Online Book Reader

Home Category

Pathways - Jeri Taylor [74]

By Root 1368 0

All of it sounded dreadful to B’Elanna. Battlefields? Shrines? She could relate to none of it. She knew her mother assumed that, after ten years of hearing the history, the myths, the legends, the stirring tales of valor, she was sufficiently inundated in the Klingon past to appreciate its present. Prabsa couldn’t know how completely her daughter had shut out her ceaseless teachings.

They were disgorged from the final shuttle flight into a vast spacedock thronged with people, all of whom seemed to be talking at the top of their voices. B’Elanna clung to her mother’s hand as they made their way through the crowds, her mother entering into the verbal fray right along with the rest.

“Move aside . . . we’re passing through . . . watch yourself, ghargh, your smelly feet are in the way.” Prabsa kept up this oral bombardment as they pushed and shoved their way across the huge floor of the docking area, hurling insults to anyone who was in their way, snarling with what B’Elanna assumed was feigned rage when people failed to move aside, and in general behaving as rudely as everyone else there.

B’Elanna was horrified. She had never seen people conduct themselves in this way, had never known these kinds of crowds, where people all shouted and reviled each other, where there were no rules of decorum, no manners. Her ears began to ring from the din, and her arm ached where her mother clutched it, dragging her through this mass of pulsing, chaotic Klingonhood.

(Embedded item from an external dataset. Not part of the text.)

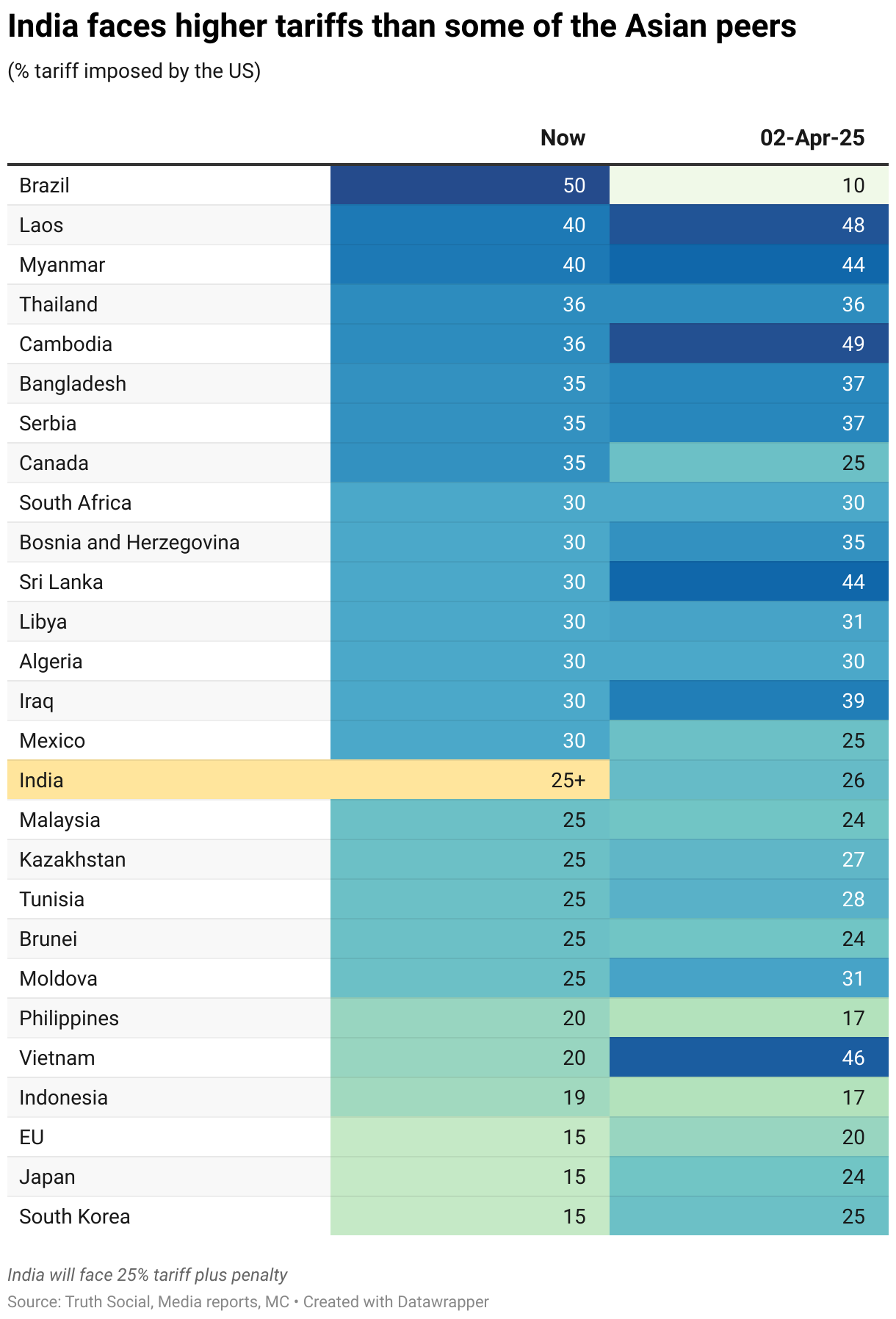 While the 25 percent tariff imposed by the US may hurt Indian exporters' competitiveness relative to Vietnam, Indonesia, and the Philippines starting August 1, it may improve India’s standing against regional rivals such as Bangladesh, Sri Lanka, Thailand, and Cambodia, a Moneycontrol analysis shows.

Finally they were at the transport area, where once again her mother pulled her into a group that was ready to dematerialize, ignoring the shouted protests of the transport engineer and steadfastly planting herself and her daughter within the group. Prabsa and the engineer exchanged a volley of insults that made B’Elanna want to shrivel into herself for shame, but finally the man backed down and they were transported to the surface.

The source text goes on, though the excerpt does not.